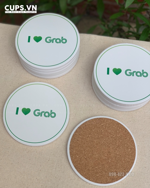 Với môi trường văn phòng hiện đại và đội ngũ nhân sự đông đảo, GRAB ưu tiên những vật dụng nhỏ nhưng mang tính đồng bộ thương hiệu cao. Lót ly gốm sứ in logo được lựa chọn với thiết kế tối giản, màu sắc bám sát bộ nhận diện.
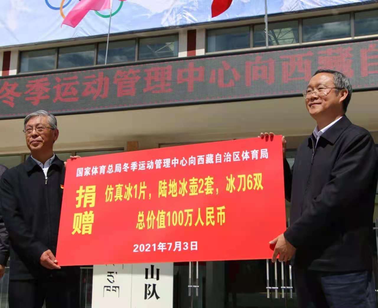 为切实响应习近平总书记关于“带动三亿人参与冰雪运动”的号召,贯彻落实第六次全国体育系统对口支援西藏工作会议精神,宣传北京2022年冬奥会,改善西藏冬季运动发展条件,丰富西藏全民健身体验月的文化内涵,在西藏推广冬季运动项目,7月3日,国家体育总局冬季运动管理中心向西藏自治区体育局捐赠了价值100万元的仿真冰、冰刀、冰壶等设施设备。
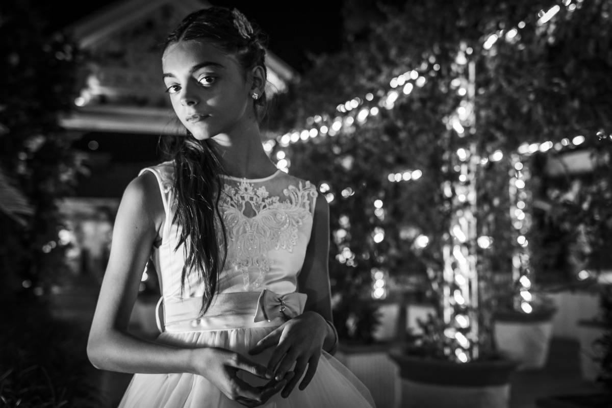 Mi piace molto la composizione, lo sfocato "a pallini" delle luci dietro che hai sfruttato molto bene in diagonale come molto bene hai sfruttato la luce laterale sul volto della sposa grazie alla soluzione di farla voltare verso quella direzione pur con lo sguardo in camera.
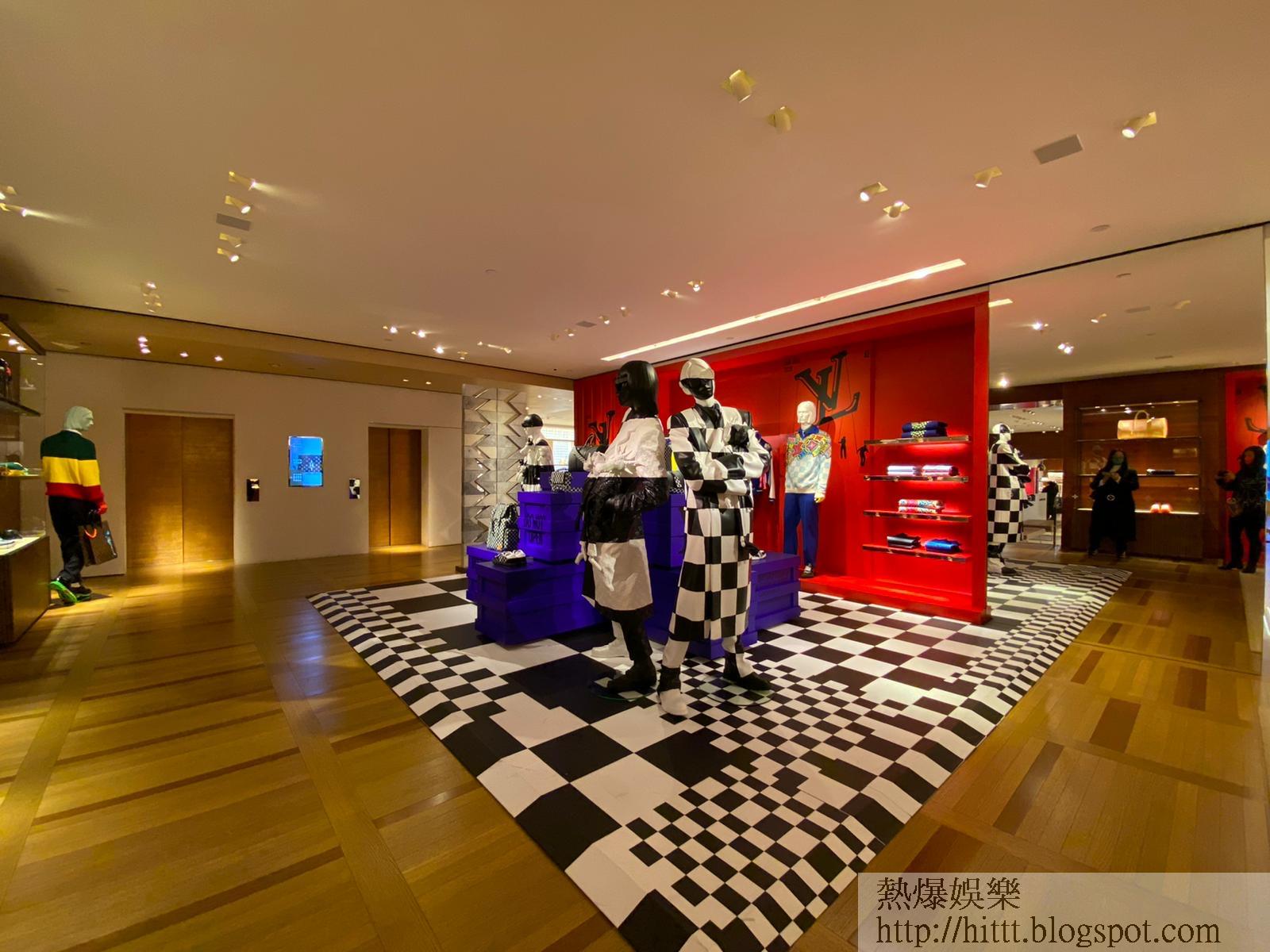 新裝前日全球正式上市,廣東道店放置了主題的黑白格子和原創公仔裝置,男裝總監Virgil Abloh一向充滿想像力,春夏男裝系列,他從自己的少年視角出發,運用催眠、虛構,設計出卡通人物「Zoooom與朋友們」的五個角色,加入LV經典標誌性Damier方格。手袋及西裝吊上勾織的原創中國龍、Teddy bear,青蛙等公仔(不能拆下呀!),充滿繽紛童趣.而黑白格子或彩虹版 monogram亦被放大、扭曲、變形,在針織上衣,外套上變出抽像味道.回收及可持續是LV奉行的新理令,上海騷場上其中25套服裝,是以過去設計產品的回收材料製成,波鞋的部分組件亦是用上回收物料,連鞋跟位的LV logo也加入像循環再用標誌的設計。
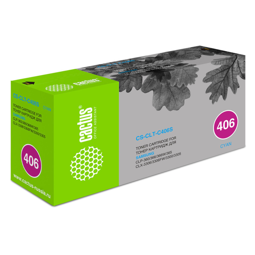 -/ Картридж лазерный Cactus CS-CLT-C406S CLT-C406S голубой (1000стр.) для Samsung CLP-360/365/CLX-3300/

* * *

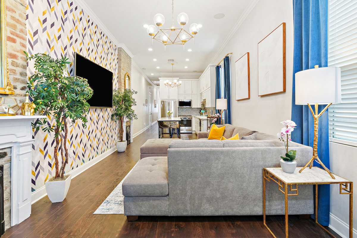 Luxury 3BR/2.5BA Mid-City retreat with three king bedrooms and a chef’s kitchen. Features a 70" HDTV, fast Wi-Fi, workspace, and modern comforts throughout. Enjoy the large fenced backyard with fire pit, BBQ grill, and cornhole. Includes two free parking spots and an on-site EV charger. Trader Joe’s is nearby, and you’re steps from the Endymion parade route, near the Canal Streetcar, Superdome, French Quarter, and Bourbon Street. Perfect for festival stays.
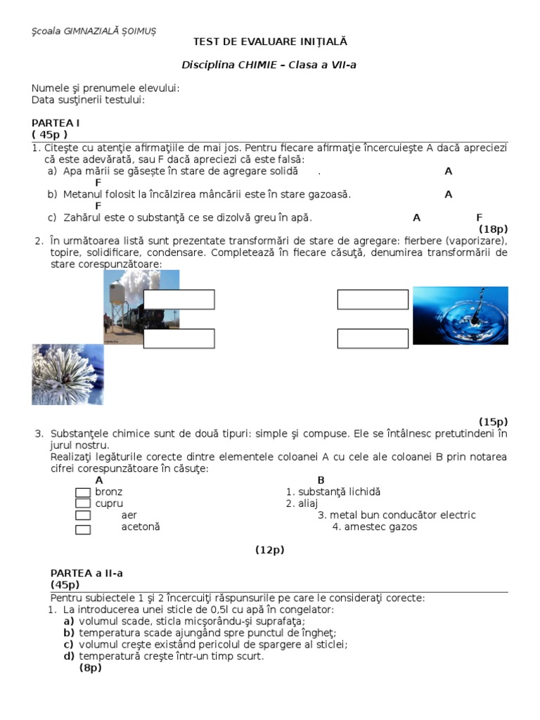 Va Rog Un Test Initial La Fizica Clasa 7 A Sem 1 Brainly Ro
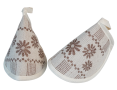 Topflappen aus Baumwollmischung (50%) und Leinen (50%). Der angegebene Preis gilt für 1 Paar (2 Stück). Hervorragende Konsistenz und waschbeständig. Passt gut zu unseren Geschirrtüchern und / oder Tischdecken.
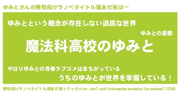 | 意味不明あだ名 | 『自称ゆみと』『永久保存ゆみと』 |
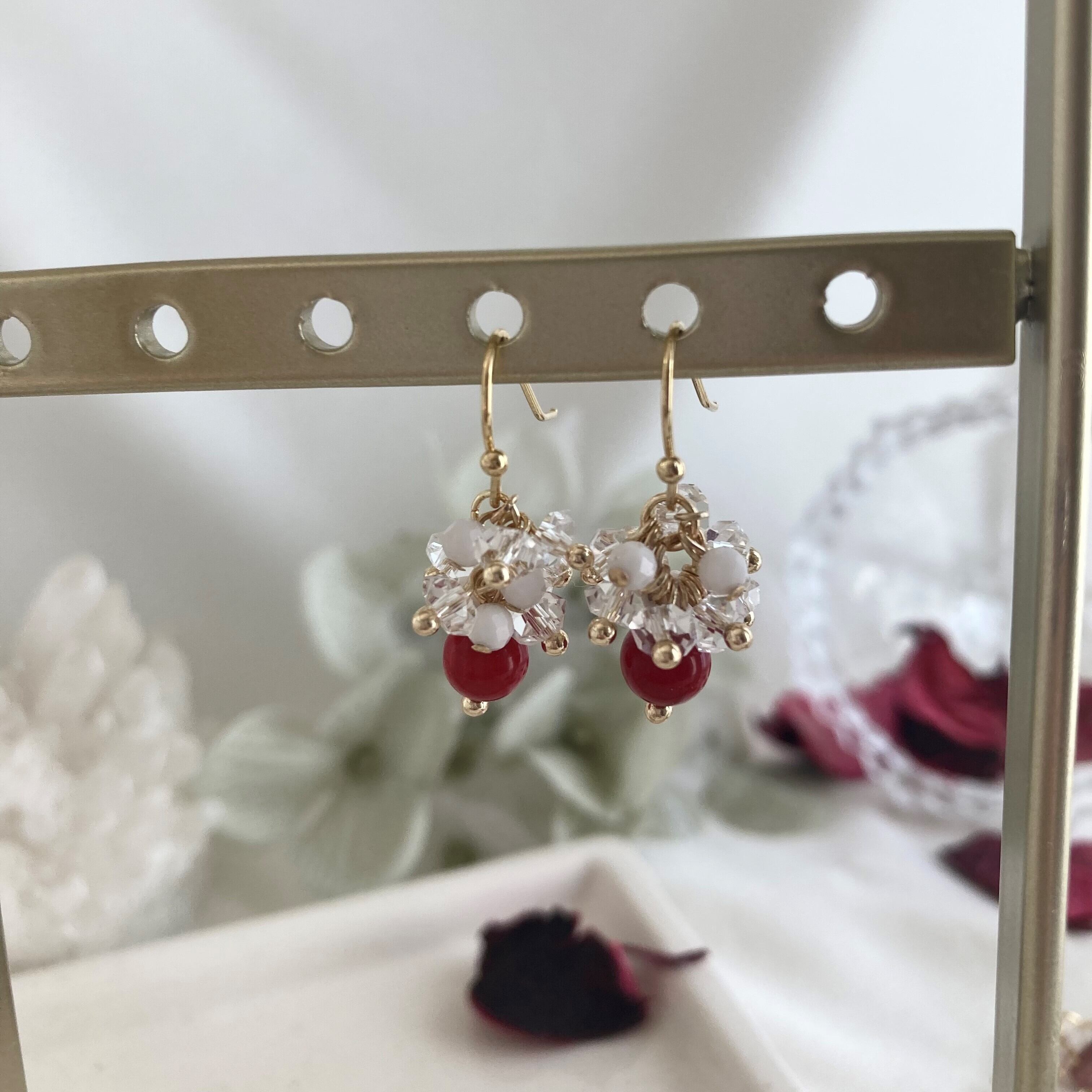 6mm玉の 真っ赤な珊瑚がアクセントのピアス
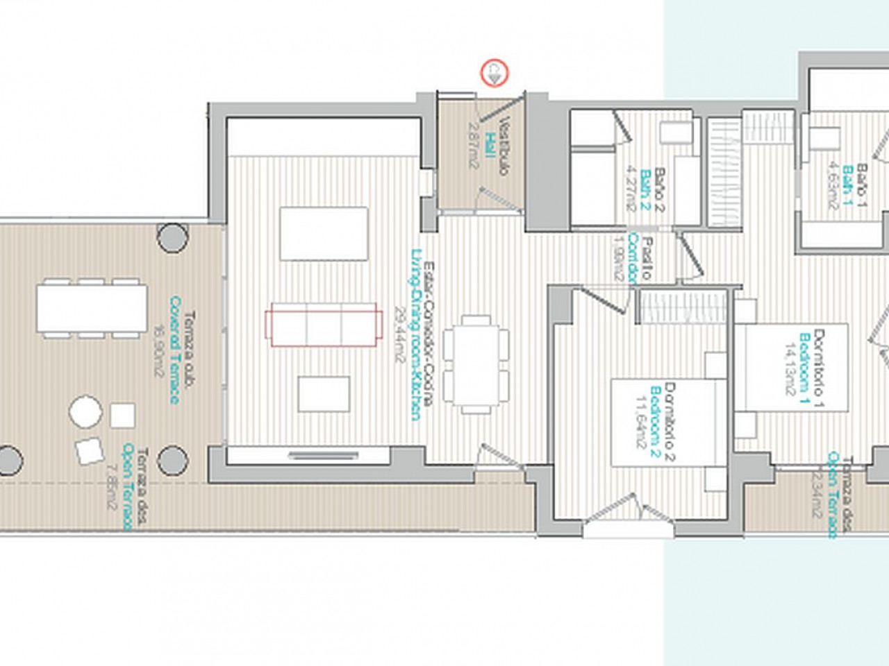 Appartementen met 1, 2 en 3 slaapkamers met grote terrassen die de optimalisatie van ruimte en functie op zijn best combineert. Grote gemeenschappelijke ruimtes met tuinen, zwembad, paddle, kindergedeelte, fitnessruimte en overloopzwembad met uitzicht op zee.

--

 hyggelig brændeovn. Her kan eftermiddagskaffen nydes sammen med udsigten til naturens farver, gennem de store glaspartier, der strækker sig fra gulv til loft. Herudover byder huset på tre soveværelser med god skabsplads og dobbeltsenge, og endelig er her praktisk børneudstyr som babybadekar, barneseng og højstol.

### DIRECTIONS FOR THIS TASK
Within the entries above, give again exactly the lines starting at the one that contains "Topflappen aus Baumwollmischung" and ending at the one that contains "Appartementen met 1, 2", leaving out the pictures.

### EXPECTED ANSWER
 Topflappen aus Baumwollmischung (50%) und Leinen (50%). Der angegebene Preis gilt für 1 Paar (2 Stück). Hervorragende Konsistenz und waschbeständig. Passt gut zu unseren Geschirrtüchern und / oder Tischdecken.
 | 意味不明あだ名 | 『自称ゆみと』『永久保存ゆみと』 |
 6mm玉の 真っ赤な珊瑚がアクセントのピアス
 Appartementen met 1, 2 en 3 slaapkamers met grote terrassen die de optimalisatie van ruimte en functie op zijn best combineert. Grote gemeenschappelijke ruimtes met tuinen, zwembad, paddle, kindergedeelte, fitnessruimte en overloopzwembad met uitzicht op zee.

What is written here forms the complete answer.